Segment Start: Exercise input
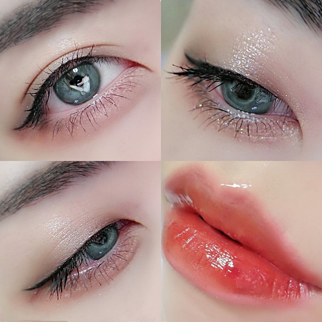 カメラだとかなり青く写りやすいのですが 肉眼だと3枚目のような青みのあるグレーに発色するので ちゃんと瞳を青くしたい方は物足りなさを感じるかもしれませんが 派手過ぎず、ナチュラル過ぎずでとても可愛いです✨ 乾燥はほとんど気になりませんでした。 ブルベメイクとの相性が良いので活躍してくれそうです☺️ アイシャドーは【rom&nd/ベターザンパレット(DUSTY FOG GARDEN)】。 上瞼中央と涙袋の青ラメは【JUDYDOLL/モネドリーム20色アイシャドウ】。
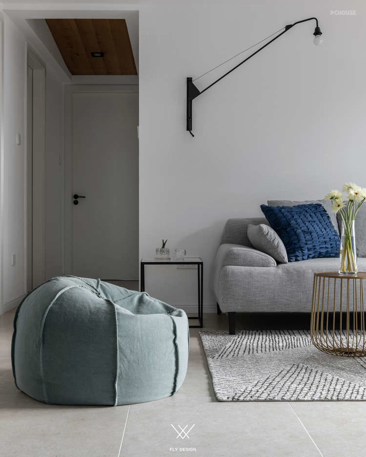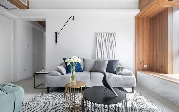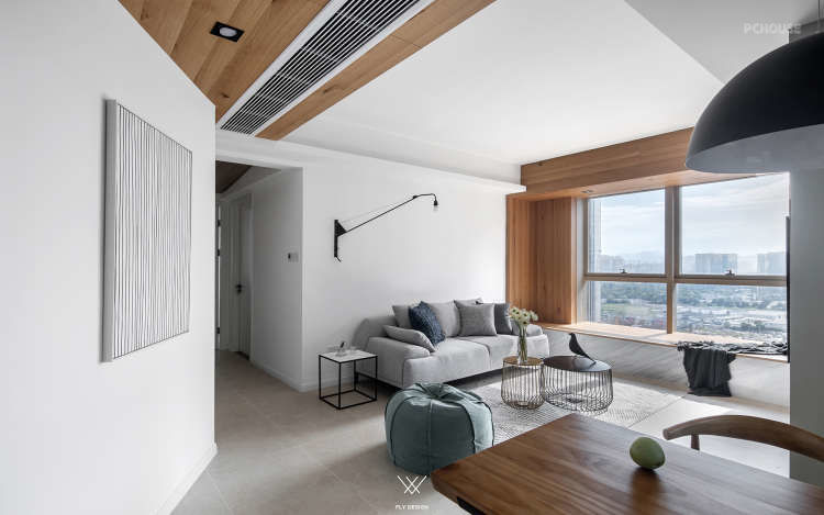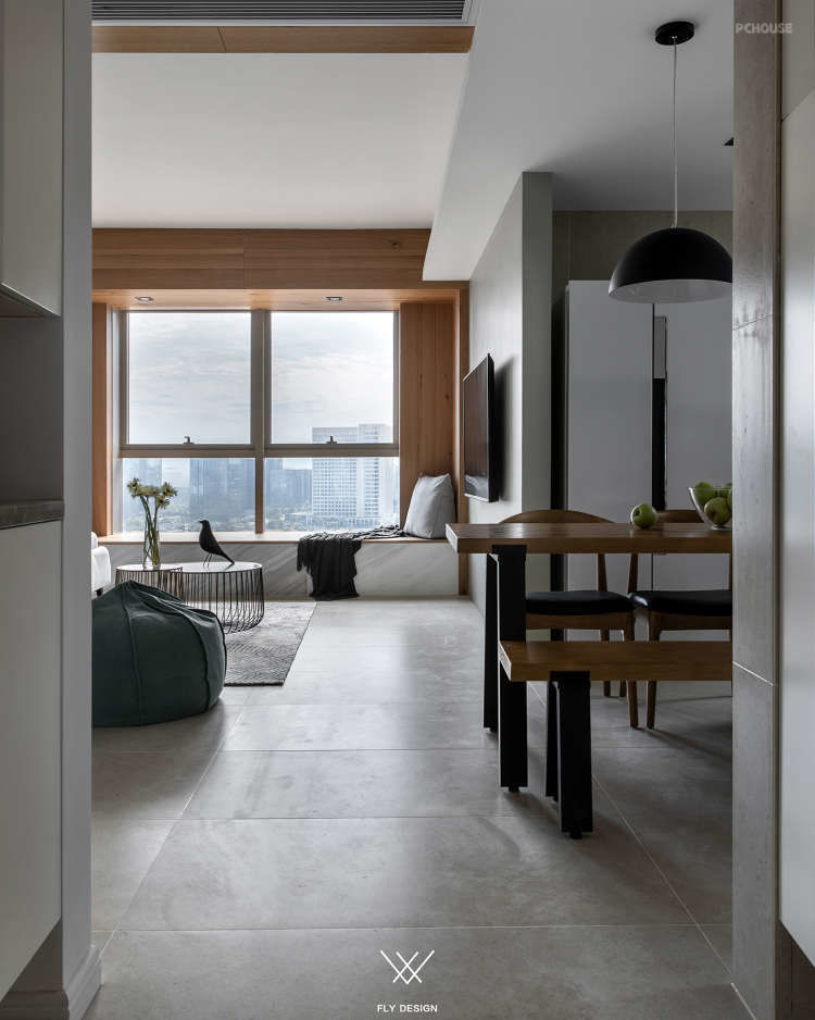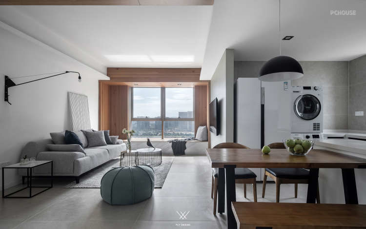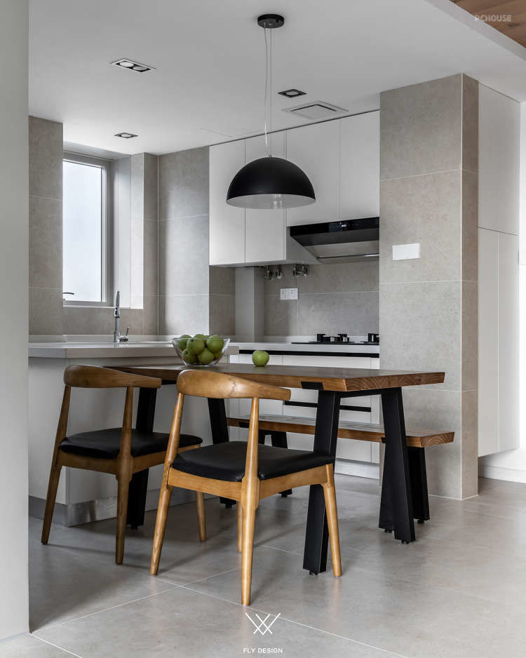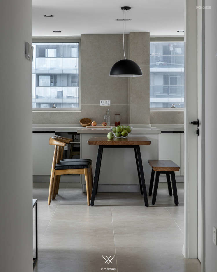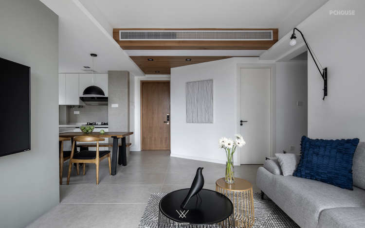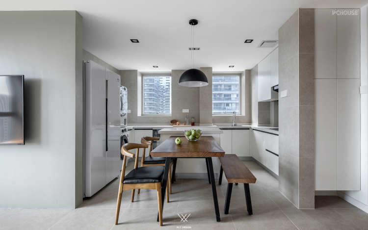 可以看到设计师把原本在厨房中间的墙体打掉,让厨房面积变大,形成了这样的开放式厨房。为了增加空间的利用率,餐厅区域和厨房区域是一体的。增加室内的储物空间在玄关处设置了一个墙面为斜面的储藏室,在通过玄关处进入客厅区域这种空间的变化让客厅变得宽敞。
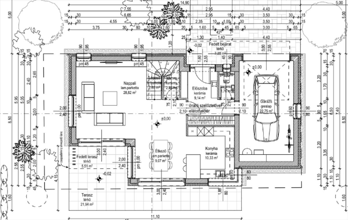 A nettó 145 m2 alapterületű otthonhoz 22, 75 m2 garázs tartozik.
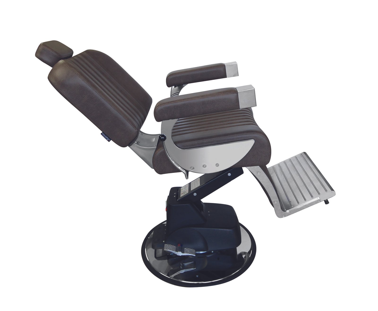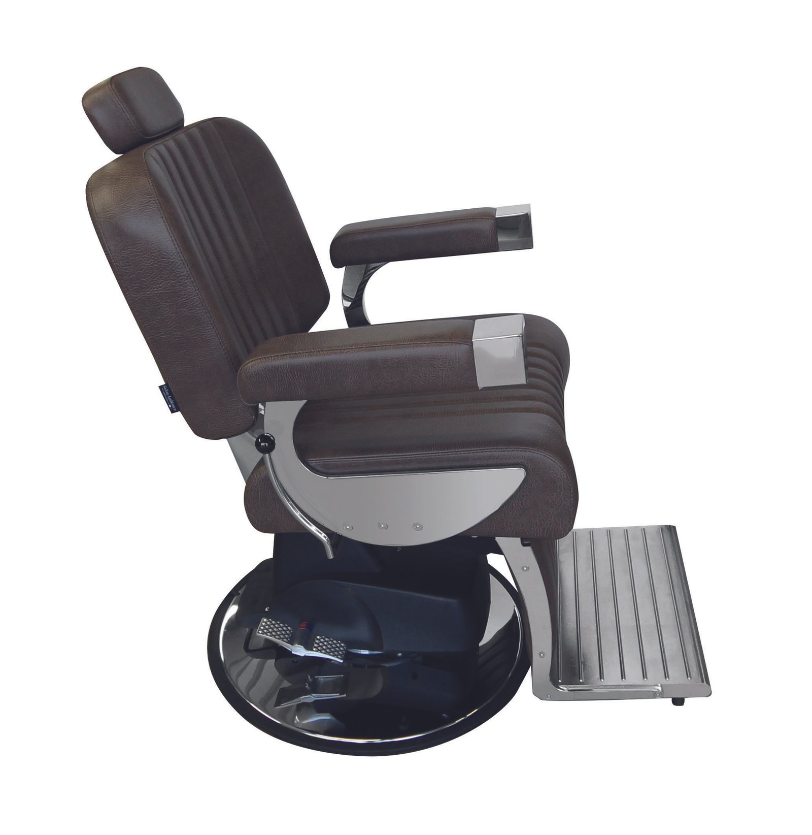 Le nouveau fauteuil Executif pour homme apporte le style "old school" aux salons de coiffure d'aujourd'hui. Le siège et le dossier magnifiquement modelés offrent un confort surprenant, avec la qualité de la tapisserie d'ameublement artisanale italienne et les détails des coutures immédiatement évidents. Le dossier inclinable et le repose-jambes relevable, ainsi que l'appui-tête réglable, offrent un confort maximal au client. Les accoudoirs en métal chromé et le repose-jambes en aluminium sont la touche finale qui complète cette incroyable chaise de barbier.
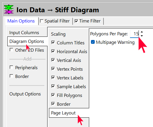 - Diagram Options にどのようなものがあるか確認してください。Page Layout | Polygons Per Page を 15 に指定します。これによってすべてのサンプルが1つのダイアグラムに収まるようになります。
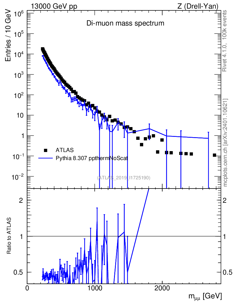 Lines: data, pythia8 8.307 ppthermNoScat |
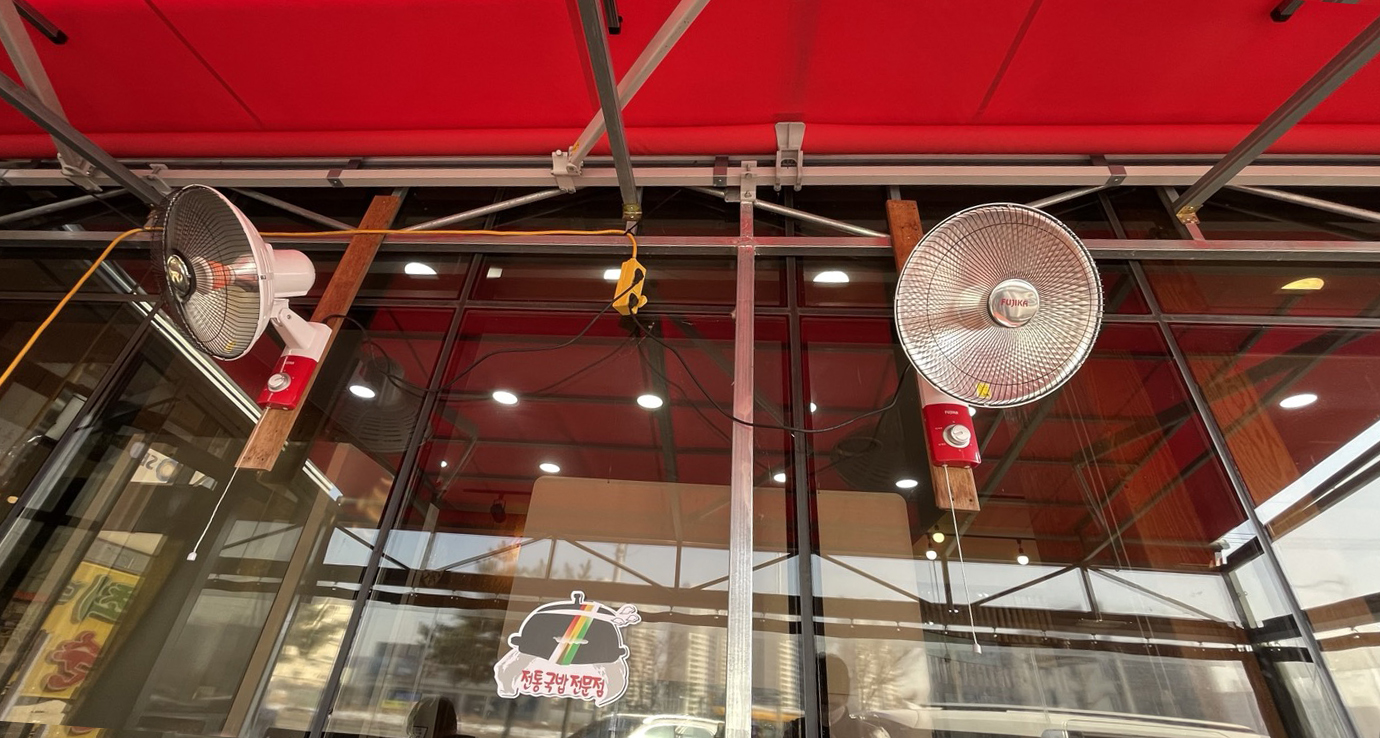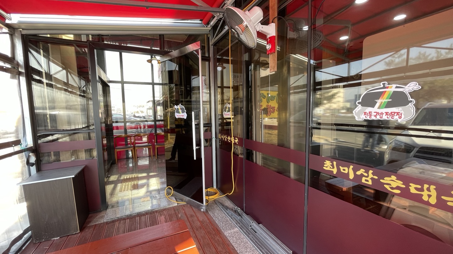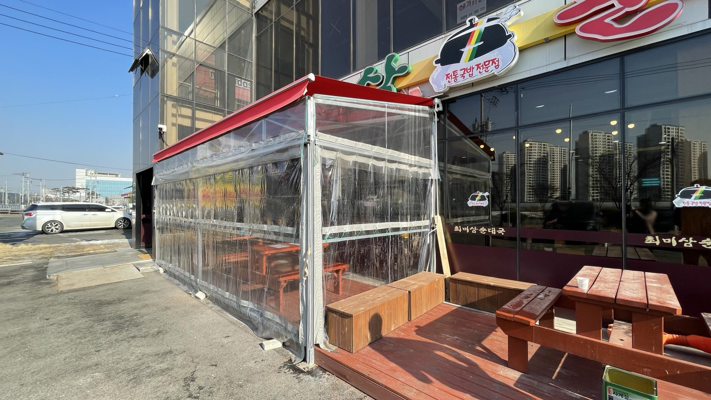 건물 입구 옆에 바람막이가 설치되어 있습니다. 대기표를 받고 기다리거나 식후 차 한잔 할 수 있는 공간입니다.
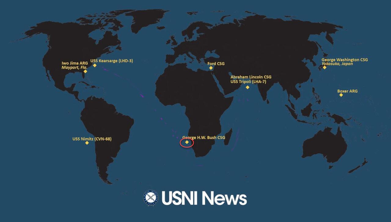 Aircraft carrier USS George H.W. Bush (CVN-77) is operating off the coast of Namibia, as it sails around the African continent and is set to join a growing naval force in the Arabian Sea amid a U.S. blockade of the Strait of Hormuz, USNI News has learned.
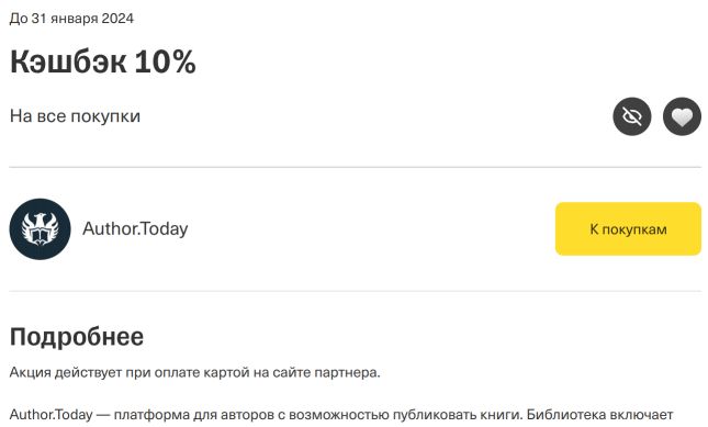 Автор: ⱱɑɖɨmɭКак я понимаю, АТ заключил рекламный договор с Тиньковым, и поэтому у последнего появилась 10% скидка на оплату книг на АТ, вот:
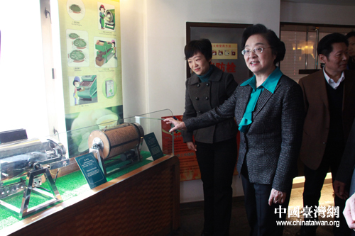 林文漪等參觀天福茶文化館內(nèi)的茶葉生產(chǎn)加工模型。(中國臺灣網(wǎng) 王怡然 攝)
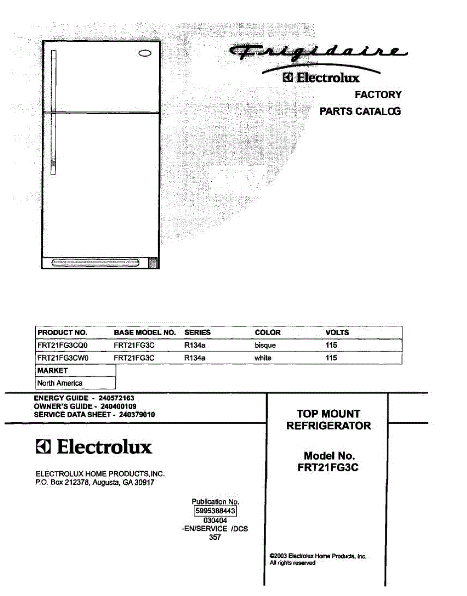 Parts for Frigidaire FRT21FG3CW0: 01 - Cover Parts
Segment End: Exercise input
What to produce: Above are the records; copy exactly the lines from the one with "Lines: data, pythia8 8.307 ppthermNoScat |" through the one with "건물 입구 옆에 바람막이가", including both, and nothing more. Leave out pictures.

Finished exercise:
 Lines: data, pythia8 8.307 ppthermNoScat |
 건물 입구 옆에 바람막이가 설치되어 있습니다. 대기표를 받고 기다리거나 식후 차 한잔 할 수 있는 공간입니다.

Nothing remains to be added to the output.